From his prison cell, Paul writes to his friends imploring them to ‘clothe’ themselves with ‘compassion, kindness, humility, gentleness and patience;’ and then to ‘put on love’ on top of all that, because love will ‘bind them all together in perfect unity.’ I think of Paul writing that letter in his prison garb–having lost the freedom to do something as simple as dress himself. I imagine this idea came to him as he wrestled with the shame and humiliation of incarceration–the Holy Spirit reminding him that even though he appeared powerless, he was still and fully empowered to live boldly as a citizen of the Kingdom of Heaven.

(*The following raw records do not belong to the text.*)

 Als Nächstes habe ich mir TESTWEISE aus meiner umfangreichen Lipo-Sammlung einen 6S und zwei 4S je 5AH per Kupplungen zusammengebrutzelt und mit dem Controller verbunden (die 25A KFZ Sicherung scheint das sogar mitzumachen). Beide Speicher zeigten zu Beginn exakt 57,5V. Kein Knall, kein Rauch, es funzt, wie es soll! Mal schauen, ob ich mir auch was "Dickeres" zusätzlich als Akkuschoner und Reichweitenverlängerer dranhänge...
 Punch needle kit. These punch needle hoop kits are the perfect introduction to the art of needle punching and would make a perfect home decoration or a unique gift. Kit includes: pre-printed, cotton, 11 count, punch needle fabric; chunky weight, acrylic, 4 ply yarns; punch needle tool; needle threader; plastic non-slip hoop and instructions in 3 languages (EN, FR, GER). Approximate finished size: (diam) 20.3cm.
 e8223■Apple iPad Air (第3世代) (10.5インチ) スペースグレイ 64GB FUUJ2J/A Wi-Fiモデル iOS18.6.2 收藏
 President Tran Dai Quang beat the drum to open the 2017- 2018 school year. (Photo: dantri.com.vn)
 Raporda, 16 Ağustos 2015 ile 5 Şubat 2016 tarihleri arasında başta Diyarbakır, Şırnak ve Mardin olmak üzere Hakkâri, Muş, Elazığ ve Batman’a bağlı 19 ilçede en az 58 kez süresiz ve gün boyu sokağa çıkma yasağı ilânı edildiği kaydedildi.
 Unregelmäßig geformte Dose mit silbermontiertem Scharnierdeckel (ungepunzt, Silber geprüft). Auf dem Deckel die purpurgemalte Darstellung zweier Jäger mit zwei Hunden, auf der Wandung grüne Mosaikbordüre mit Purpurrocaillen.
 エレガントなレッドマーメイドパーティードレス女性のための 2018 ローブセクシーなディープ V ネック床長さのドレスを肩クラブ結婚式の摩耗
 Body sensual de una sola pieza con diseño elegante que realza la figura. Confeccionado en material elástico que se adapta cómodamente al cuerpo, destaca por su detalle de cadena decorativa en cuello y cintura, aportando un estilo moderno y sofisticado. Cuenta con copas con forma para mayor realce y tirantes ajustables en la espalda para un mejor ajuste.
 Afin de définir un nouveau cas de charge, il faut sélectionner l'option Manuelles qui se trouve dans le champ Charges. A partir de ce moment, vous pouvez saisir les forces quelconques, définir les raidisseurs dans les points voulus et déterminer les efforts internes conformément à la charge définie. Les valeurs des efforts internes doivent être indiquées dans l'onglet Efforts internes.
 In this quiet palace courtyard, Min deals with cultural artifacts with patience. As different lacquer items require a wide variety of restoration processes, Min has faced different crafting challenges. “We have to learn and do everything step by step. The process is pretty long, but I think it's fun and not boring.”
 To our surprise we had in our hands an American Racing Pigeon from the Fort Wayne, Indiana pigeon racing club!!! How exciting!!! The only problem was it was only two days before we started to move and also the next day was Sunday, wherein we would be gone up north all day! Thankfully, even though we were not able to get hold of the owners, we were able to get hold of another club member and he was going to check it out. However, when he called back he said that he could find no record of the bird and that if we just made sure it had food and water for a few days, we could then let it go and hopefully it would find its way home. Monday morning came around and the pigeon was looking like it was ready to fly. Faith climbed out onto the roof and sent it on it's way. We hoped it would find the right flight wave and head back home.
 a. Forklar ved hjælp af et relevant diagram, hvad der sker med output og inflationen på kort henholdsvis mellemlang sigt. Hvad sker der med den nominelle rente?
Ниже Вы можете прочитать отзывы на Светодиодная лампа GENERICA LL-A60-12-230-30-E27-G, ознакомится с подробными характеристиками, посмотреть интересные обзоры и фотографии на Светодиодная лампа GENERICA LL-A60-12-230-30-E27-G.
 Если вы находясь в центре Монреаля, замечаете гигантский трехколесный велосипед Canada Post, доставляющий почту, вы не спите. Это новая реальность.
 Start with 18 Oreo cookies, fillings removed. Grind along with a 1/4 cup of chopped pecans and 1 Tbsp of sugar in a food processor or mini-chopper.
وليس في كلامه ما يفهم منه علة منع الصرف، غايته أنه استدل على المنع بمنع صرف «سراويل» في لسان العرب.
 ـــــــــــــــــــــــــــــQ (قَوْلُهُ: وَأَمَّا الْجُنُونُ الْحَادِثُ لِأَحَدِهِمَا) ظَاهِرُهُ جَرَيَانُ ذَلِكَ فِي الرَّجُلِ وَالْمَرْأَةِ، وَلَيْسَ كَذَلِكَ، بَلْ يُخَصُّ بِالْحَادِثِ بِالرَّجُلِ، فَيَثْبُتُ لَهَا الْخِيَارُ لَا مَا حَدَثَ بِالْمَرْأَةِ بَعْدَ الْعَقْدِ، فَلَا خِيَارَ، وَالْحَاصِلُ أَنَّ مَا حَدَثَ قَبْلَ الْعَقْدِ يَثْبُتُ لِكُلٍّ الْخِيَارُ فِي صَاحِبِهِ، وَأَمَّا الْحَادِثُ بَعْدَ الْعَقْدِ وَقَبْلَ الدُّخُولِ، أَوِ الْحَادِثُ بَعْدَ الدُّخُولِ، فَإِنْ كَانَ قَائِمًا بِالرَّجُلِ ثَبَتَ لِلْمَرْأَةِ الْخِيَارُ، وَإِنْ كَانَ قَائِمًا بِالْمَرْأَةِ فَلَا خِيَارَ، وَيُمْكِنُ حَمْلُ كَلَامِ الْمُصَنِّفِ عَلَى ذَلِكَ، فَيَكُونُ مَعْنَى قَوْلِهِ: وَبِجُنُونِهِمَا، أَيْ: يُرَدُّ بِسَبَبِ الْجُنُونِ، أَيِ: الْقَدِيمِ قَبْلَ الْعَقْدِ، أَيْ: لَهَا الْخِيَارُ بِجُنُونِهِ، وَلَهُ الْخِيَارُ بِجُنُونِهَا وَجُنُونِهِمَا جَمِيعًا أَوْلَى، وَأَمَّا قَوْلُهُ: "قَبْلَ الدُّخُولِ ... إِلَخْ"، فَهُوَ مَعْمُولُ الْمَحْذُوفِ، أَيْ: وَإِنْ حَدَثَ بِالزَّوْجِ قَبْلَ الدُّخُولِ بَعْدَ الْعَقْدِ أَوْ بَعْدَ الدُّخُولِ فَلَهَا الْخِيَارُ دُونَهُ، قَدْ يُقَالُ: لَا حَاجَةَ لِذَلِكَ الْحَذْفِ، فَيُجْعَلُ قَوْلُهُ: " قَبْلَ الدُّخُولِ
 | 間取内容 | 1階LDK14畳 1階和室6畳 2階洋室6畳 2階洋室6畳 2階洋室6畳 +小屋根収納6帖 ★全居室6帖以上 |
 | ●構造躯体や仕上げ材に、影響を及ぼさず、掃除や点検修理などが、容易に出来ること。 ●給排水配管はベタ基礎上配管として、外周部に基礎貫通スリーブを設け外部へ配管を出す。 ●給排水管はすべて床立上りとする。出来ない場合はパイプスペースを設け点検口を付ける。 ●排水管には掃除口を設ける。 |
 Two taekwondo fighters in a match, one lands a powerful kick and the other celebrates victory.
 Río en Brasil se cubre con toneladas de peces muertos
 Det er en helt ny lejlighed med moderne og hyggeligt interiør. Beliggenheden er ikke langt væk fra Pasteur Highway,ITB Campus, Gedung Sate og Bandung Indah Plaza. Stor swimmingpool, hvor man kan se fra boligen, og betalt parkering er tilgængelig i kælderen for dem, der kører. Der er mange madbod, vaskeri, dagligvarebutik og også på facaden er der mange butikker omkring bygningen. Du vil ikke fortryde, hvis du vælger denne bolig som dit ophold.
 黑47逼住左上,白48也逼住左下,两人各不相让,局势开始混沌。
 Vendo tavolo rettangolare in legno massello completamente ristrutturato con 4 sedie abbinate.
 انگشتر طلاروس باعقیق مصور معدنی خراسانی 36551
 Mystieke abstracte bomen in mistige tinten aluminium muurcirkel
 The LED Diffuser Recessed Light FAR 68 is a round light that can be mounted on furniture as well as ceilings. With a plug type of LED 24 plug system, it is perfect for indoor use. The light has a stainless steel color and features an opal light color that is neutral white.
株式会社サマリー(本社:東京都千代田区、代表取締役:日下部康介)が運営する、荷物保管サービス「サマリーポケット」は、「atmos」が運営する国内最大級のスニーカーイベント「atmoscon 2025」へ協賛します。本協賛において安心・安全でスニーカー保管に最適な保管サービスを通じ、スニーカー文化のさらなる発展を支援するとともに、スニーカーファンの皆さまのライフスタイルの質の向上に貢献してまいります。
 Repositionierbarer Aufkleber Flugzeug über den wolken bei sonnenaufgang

Wherever we are, whatever our circumstances–nothing has the power to limit our choice to live with compassion, kindness, humility, gentleness and patience. No one has the power to prevent us from clothing ourselves in love. This isn’t a sentimental, decorative, inspirational thought–this is a decree. Paul, in chains, says–this is how we fight our battles. This is our kingdom strategy.
This is the work of the church–the body of Jesus and it is how the Risen Christ is redeeming and reclaiming the world. Are you in?
We live in a culture that screams that might makes right, that violence makes peace, that money and authority and privilege determine impact. In chains, as he writes letters that will change the world, Paul testifies to otherwise.
A friend shared this thought on social media this week–inaccurate eschatology causes the church to: wait for a King who already reigns, wait for a Kingdom they’re already in, wait to become who they already are, wait for an age that’s already come, wait for a victory that’s already won, wait to do what they should already be doing.
Beloved–we already have everything we need to live as the people of God. And we have a uniform – the first step is putting it on.